NBA2K, Madden, Maneater, Killing Floor, Sims http://www.pawlowskipinball.com/pinballeternal

@yaboiryan As others already mentioned, the std::vector is one thing that kills your performance, passing it by value kills even more. But there are still more!
The priority queue proved to be very effective to me. I don't know the std implementation, I made my own that laid out the tree in a linear memory block. Using vector, especially the earse() part is very time consuming.

Also the part “Init Search” should be completely eliminated, even with a medium sized map (256x256) this part can be much slower than the whole search itself.

yaboiryan said:
float newG = best->g + 1.0f;

I'd use different cost for diagonal directions, 1.4 is a good guess. (Search for Manhattan Distance). The result will be nicer and consisting less result points.

You are making 2 point lists for the result. That is also not necessary. Either you can reverse it in-place, or directly fill it into the result buffer.
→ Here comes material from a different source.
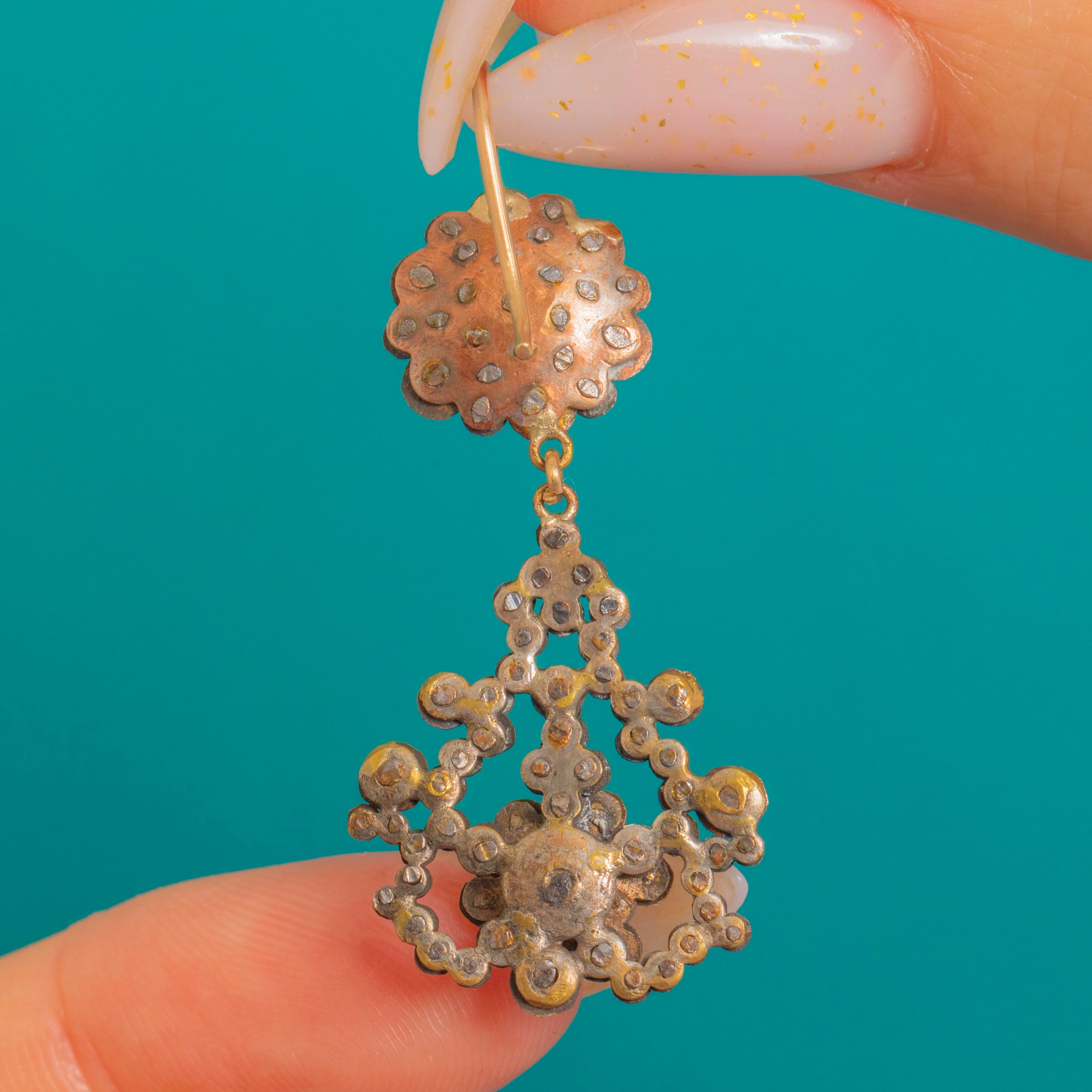 A dazzling pair of Georgian Cut Steel earrings, alive with that coveted steel-bright sparkle. Each earring features a domed rosette surmount suspending an ornate openwork drop, the fronts densely set with individually faceted Steel studs for a scintillating, jewel-like glow. The scrolling, arabesque silhouette nods to girandole elegance, balancing delicacy with drama.

Open and closed tile flags can also go. As you maintain an open-list, there is no need to store this info multiple times ?

How big a map are we talking about here? In a map that doesn't look like a maze (which is typical for a game like Age of Empires), an efficient implementation of A* should be very very fast. I can provide some short program to demonstrate this, if you think it would help you.

Typical example of using OOP code, when you dont know what the miracle library does and why it takes 300 million cpu cycles instead of 300. I suggest to scrap this nonsense for normal C code.

alvaro said:
I can provide some short program to demonstrate this, if you think it would help you.

Thread is almost a year old, but in case you're bored, i would take a look at your program. I've missed out on A* so far.

Geri said:
when you dont know what the miracle library does and why it takes 300 million cpu cycles instead of 300. I suggest to scrap this nonsense for normal C code.

There is no miracle here. The search i have quoted is the problem, because it can be avoided. So the algorithm was bad, not the language.

But i agree STL causes many suboptimal implementations. Not sure, but i think we would need something like a ‘Fibonacci Heap’, if that's the proper word. STL does not have this, and i guess i'm not the only one being too lazy to make one, using workarounds instead.